= Term graph =

Representation of an expression as a generalized graph

A term graph is a representation of an expression in a formal language as a generalized graph whose vertices are . Term graphs are a more powerful form of representation than expression trees because they can represent not only common subexpressions (i.e. they can take the structure of a directed acyclic graph) but also cyclic/recursive subexpressions (cyclic digraphs).

Abstract syntax trees cannot represent shared subexpressions since each tree node can only have one parent; this simplicity comes at the cost of efficiency due to redundant duplicate computations of identical terms. For this reason term graphs are often used as an intermediate language at a subsequent compilation stage to abstract syntax tree construction via parsing.
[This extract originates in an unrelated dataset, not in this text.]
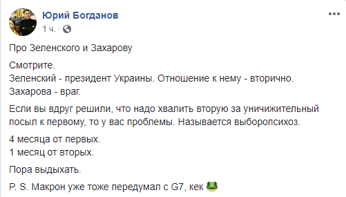 Блогер и общественный активист Юрий Богданов назвал людей, которые хвалят Захарову за уничижительный посыл к Зеленскому больными.

The phrase "term graph rewriting" is often used when discussing graph rewriting methods for transforming expressions in formal languages. Considered from the point of view of graph grammars, term graphs are not regular graphs, but hypergraphs where an n-ary word will have a particular subgraph in first place, another in second place, and so on, a distinction that does not exist in the usual undirected graphs studied in graph theory.

Term graphs are a prominent topic in programming language research since term graph rewriting rules can formally expressing a compiler's operational semantics. Term graphs are also used as abstract machines capable of modelling chemical and biological computations as well as graphical calculi such as concurrency models. Term graphs can perform automated verification and logical programming since they are well-suited to representing quantified statements in first order logic. Symbolic programming software is another application for term graphs, which are capable of representing and performing computation with abstract algebraic structures such as groups, fields and rings.

The TERMGRAPH conference focuses entirely on research into term graph rewriting and its applications.

Term graphs are also used in type inference, where the graph structure aids in implementing type unification.